Just because you can't afford Club Med doesn't mean you have to be stuck at home until you're an empty nester.

Take a fearless inventory of your friends. Especially the ones from college that cleaned up good. If you're exchanging holiday cards 10 or more years after graduation, that's a de facto offer to put you up. I bet some of them have real nice floors just waiting for a sleeping bag. Or four. Remember to pack the Advil and you'll be fine.

Find a place you can drive to in eight hours or less, then pile in. If the kids act up, tell them next time, you're going to Vegas and leaving them with the most reprehensible relative you can think of. Works every time.

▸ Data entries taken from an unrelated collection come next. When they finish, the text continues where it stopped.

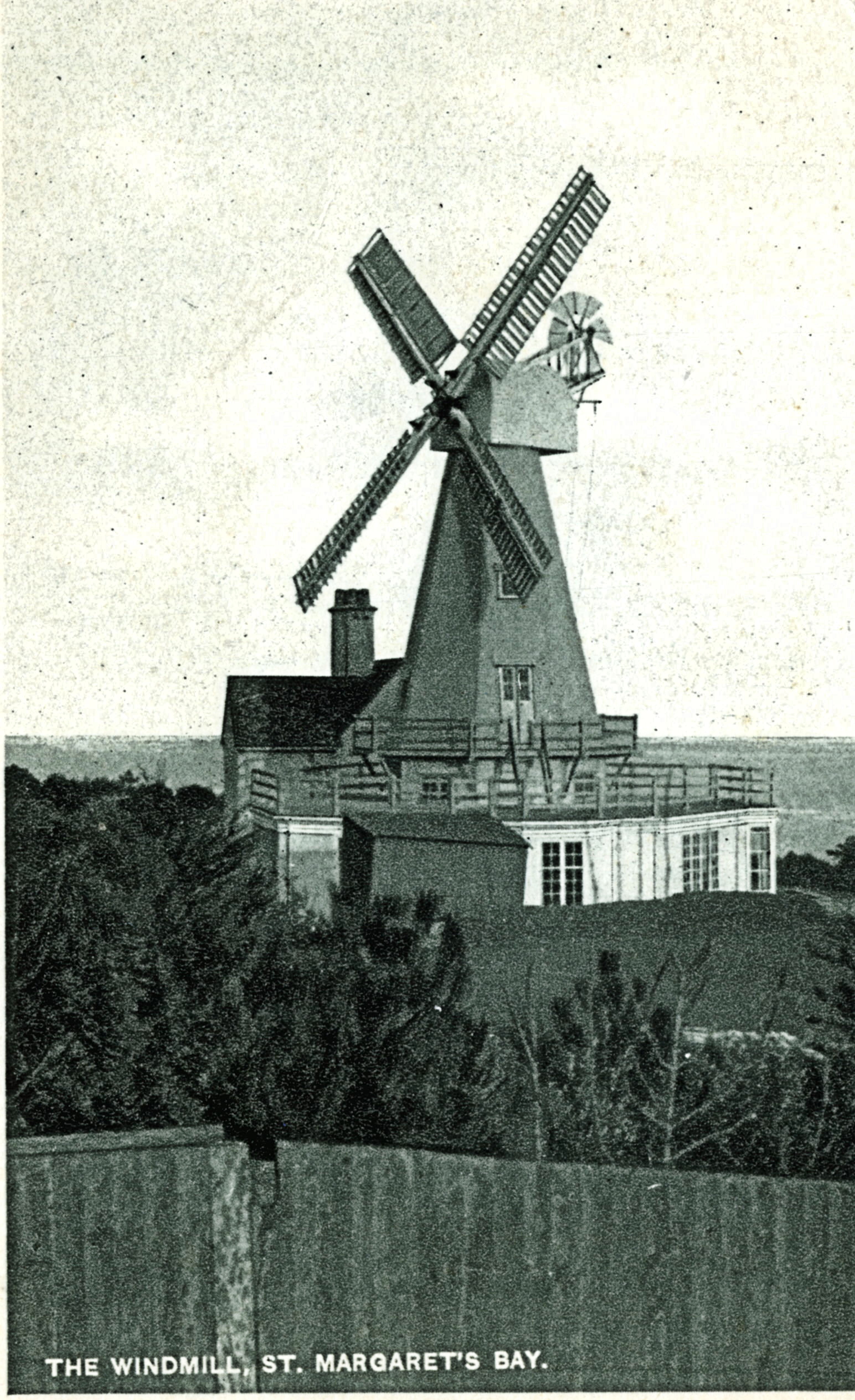 It was the lower lighthouse that Sir William bought and this was decommissioned in 1904, following which the building was turned into a private residence. Shortly after purchasing the old lighthouse, Sir William had the house built nearby for his sister, Mrs Annie Scott, and then decided to add a windmill to ‘give rural charm’ to the property. He combed Kent for a mill that would serve his purpose and eventually did buy one but it was unsuitable to be moved. Finally, his architect suggested building a false windmill and this was agreed.
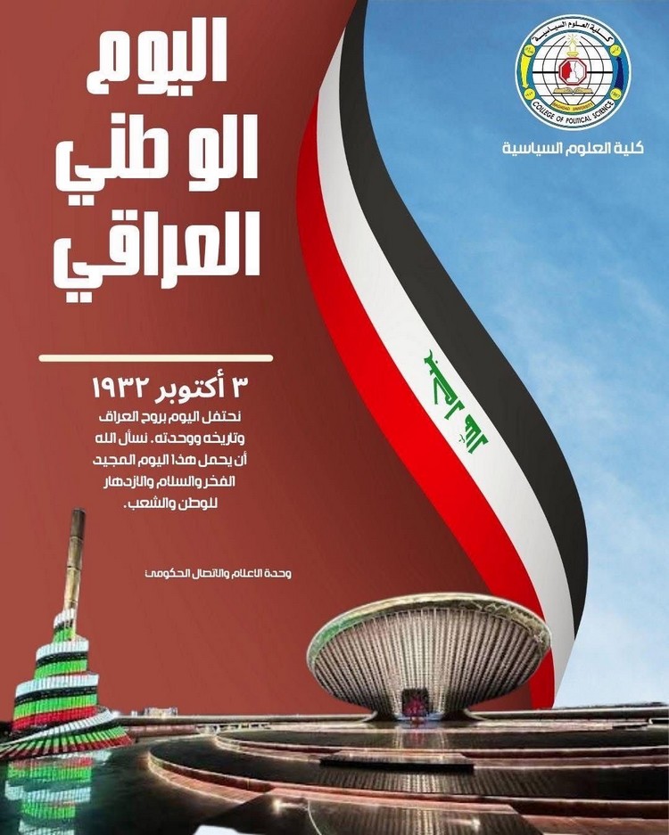 تؤكد كلية العلوم السياسية – جامعة بغداد في اليوم الوطني العراقي رسالتها الأكاديمية والوطنية القائمة على تعزيز قيم الانتماء والمواطنة، وترسيخ مبادئ الوحدة والتكاتف بين أبناء الشعب.
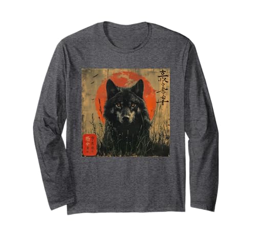 Wolf and Red Sun Japanese Style Dark Forest Art Long Sleeve T-Shirt
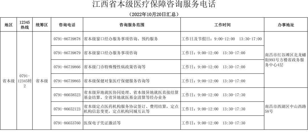 一、江西省本級醫(yī)療保障咨詢服務(wù)電話
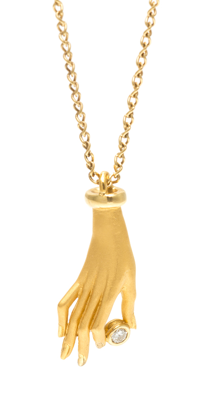 consisting of a realistic sculpted hand containing one round brilliant cut diamond weighing approximately 0.015 carat, suspended from an 18 karat yellow gold chain. Chain stamp: Carrera y Carrera 750 208383.Accompanied by a box and hangtag signed Carrera y Carrera.
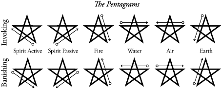 In order to understand why the LBRP’s pentagrams are traced clockwise, you have to gain some understanding of the larger Adept-level Pentagram Ritual within the Golden Dawn tradition. The four elements crowned by Spirit are arrayed around the figure of the Pentagram as follows:
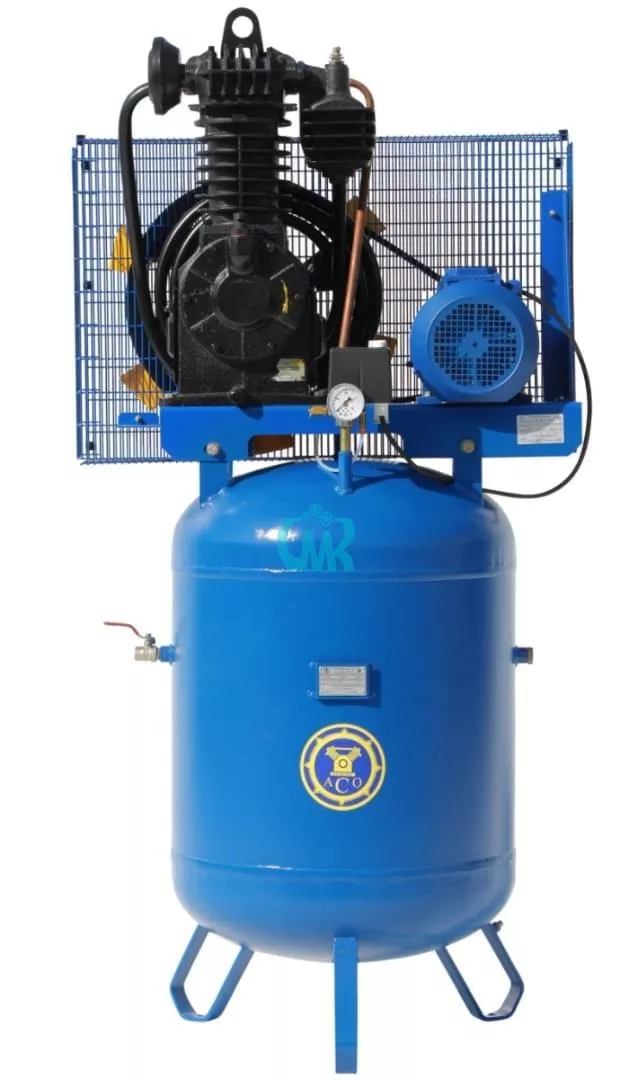 Поршневой вертикальный компрессор КВ15/7 оснащен ременным приводом и работает на двигателе мощностью 5,5 кВт от сети напряжением 380 В. Максимальное рабочее давление 7 атм, производительность 1000 л/мин. Производительность на выходе составляет 770 л/мин. Размеры компрессорной установки 95 х 75 х 180 см., вес 270 кг.

Before you go, find out what you can do for cheap by visiting Web sites, perusing your library's travel section, and requesting info from the local visitors' bureau. On certain days, some New York City museums are free, including the Museum of Modern Art. The Smithsonian Museums in Washington, D.C. are always free. So is entry to Gettysburg National Park.

Once you arrive, avail yourself of the concierge service. We were saved from lunch at McDonalds by our New York City host who suggested pork buns for 70 cents each at a Chinese Bakery.

Remember to tip your concierge. Suggestions include white hots and lilac bushes. Or maybe a nice box of holiday cards from the Memorial Art Gallery.